### Your assignment
From the line containing "2. Wyse D.M., Malloch" through the end of the material below, output each line exactly as written, with pictures excluded.

Start of Dataset records

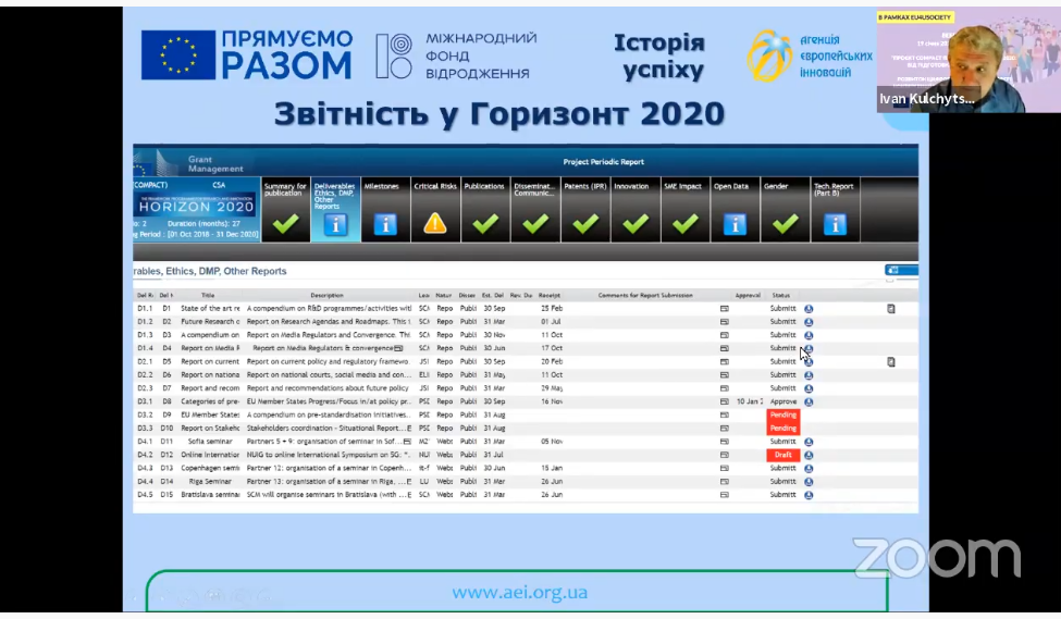 В ході вебінару було представлено повний цикл реалізації проєкту Горизонт 2020 у сфері конвергенції медіа (проєкт COMPACT, № 762128), а саме: процес підготовки і подання проєктної заявки; оцінка проєкту та початок робіт; перша фаза звітності; проблемні питання по ходу виконання проєкту; звітність і підсумкові результати проєкту.
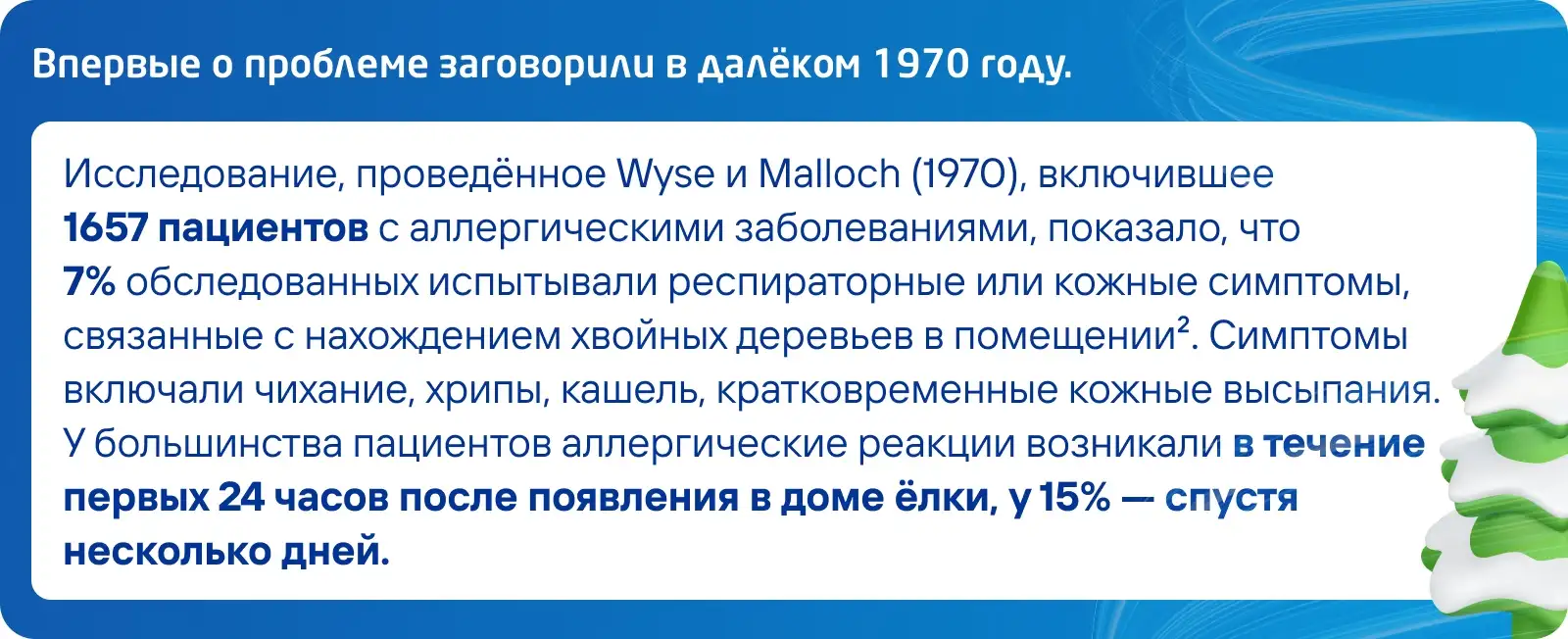 2. Wyse D.M., Malloch D. Christmas tree allergy: mould and pollen studies // Canadian Medical Association Journal. — 1970. — Vol. 103, № 12. — P. 1272–1276.
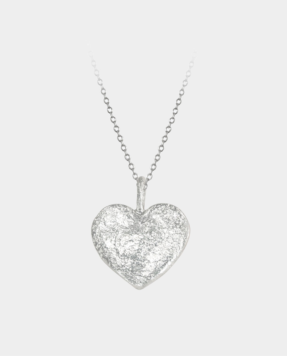 Sølvhjertets teksturerede overflade bærer diskrete spor af den kraft, der formede det. Kæden leder blikket ned til vedhængets bløde kontur og sølvets kølige tone. Min tanke med smykket er at skabe et hjerte, der er ærligt og levende i sin ujævnhed, som fo
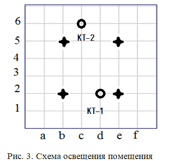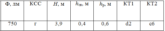 Каждый светильник имеет заданный световой поток Ф и определенный тип КСС. Для позиционирования светильников и контрольных точек применен принцип шахматной доски. Светильники расположены в точках b2, b5, e2, e5. Положение контрольных точек КТ1 и КТ2 и другие исходные данные указаны в таблице 8. Требуется рассчитать точечным методом освещенность
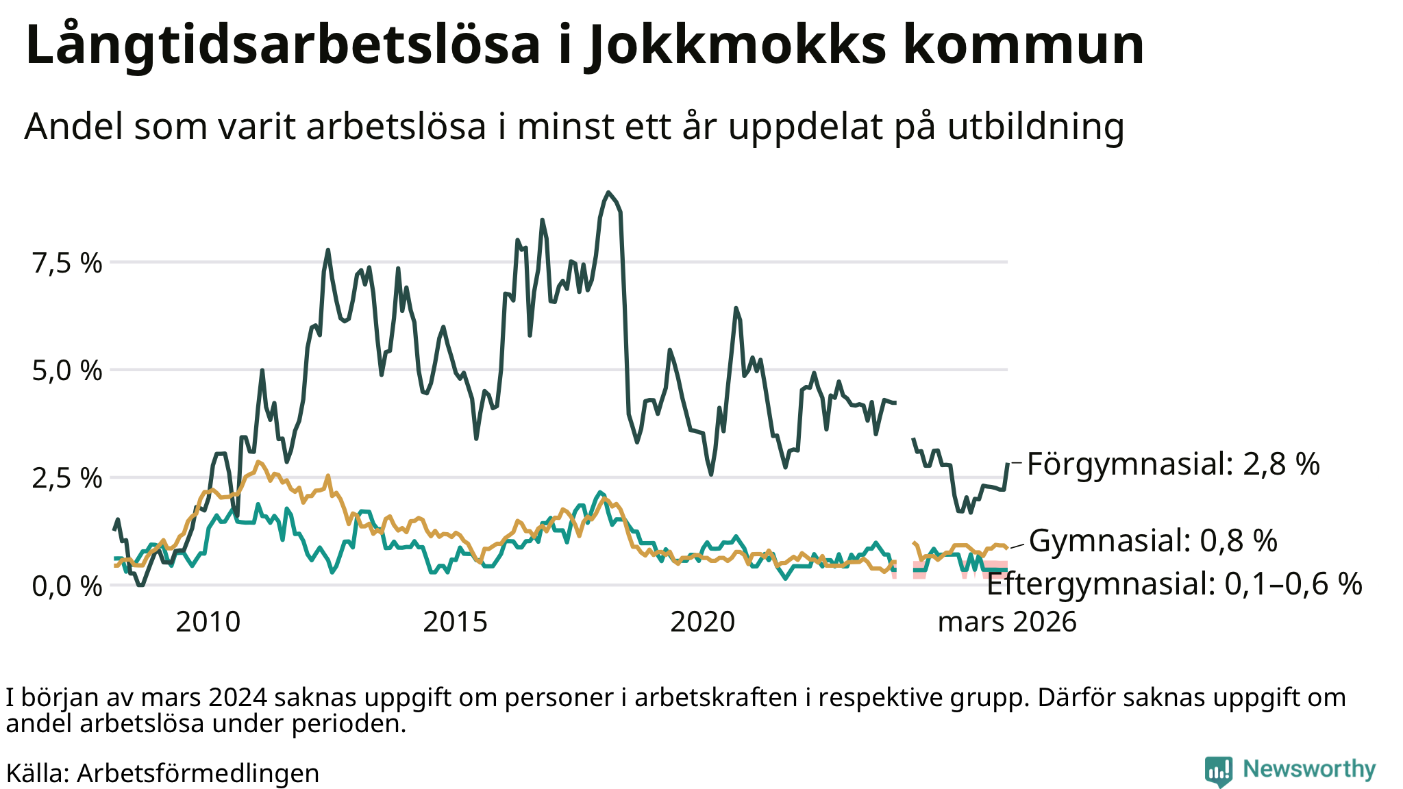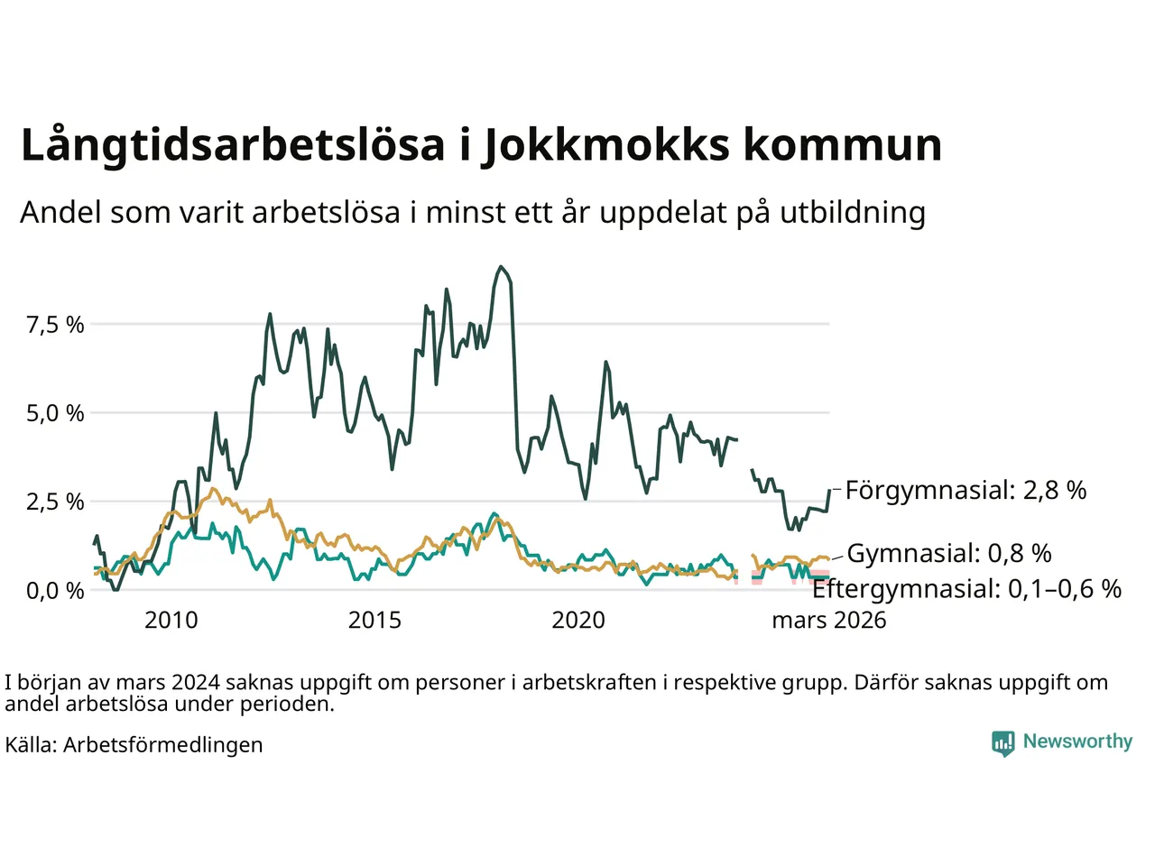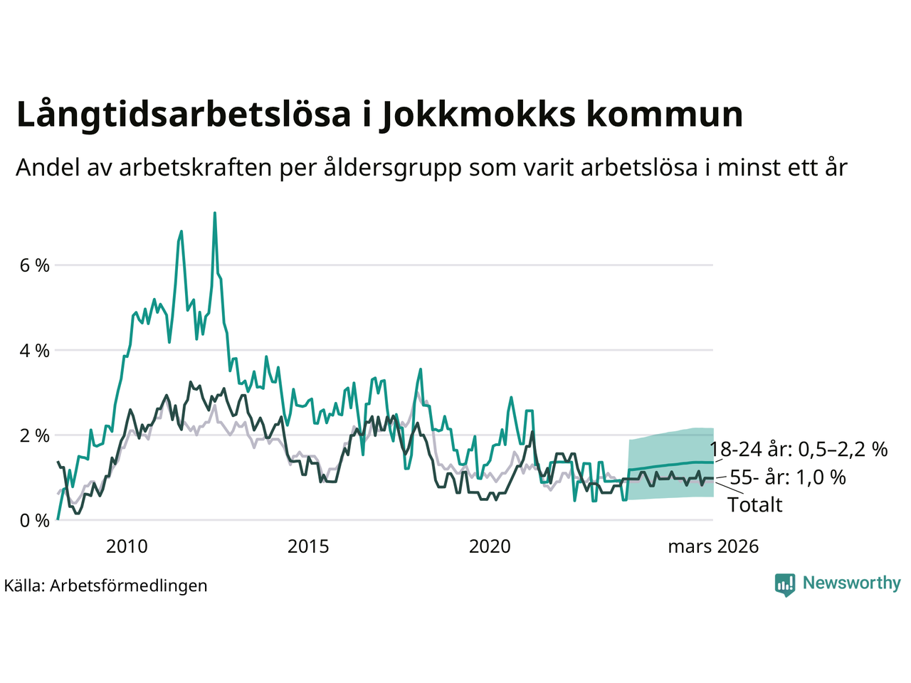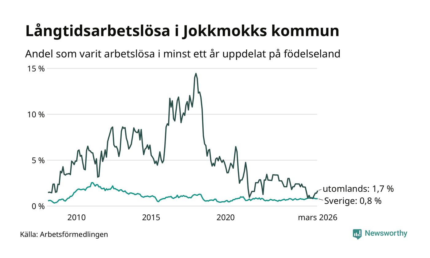 I mars hade 21 Jokkmokksbor varit arbetslösa i minst ett år, vilket är en fler än månaden innan. 21 personer motsvarar 0,9 procent av arbetskraften i kommunen – andelen långtidsarbetslösa är ungefär på samma nivå som för ett år sedan. Jokkmokk tillhör de kommuner som har lägst andel långtidsarbetslösa i hela landet just nu.

End of Dataset records

### Worked solution
 2. Wyse D.M., Malloch D. Christmas tree allergy: mould and pollen studies // Canadian Medical Association Journal. — 1970. — Vol. 103, № 12. — P. 1272–1276.
 Sølvhjertets teksturerede overflade bærer diskrete spor af den kraft, der formede det. Kæden leder blikket ned til vedhængets bløde kontur og sølvets kølige tone. Min tanke med smykket er at skabe et hjerte, der er ærligt og levende i sin ujævnhed, som fo
 Каждый светильник имеет заданный световой поток Ф и определенный тип КСС. Для позиционирования светильников и контрольных точек применен принцип шахматной доски. Светильники расположены в точках b2, b5, e2, e5. Положение контрольных точек КТ1 и КТ2 и другие исходные данные указаны в таблице 8. Требуется рассчитать точечным методом освещенность
 I mars hade 21 Jokkmokksbor varit arbetslösa i minst ett år, vilket är en fler än månaden innan. 21 personer motsvarar 0,9 procent av arbetskraften i kommunen – andelen långtidsarbetslösa är ungefär på samma nivå som för ett år sedan. Jokkmokk tillhör de kommuner som har lägst andel långtidsarbetslösa i hela landet just nu.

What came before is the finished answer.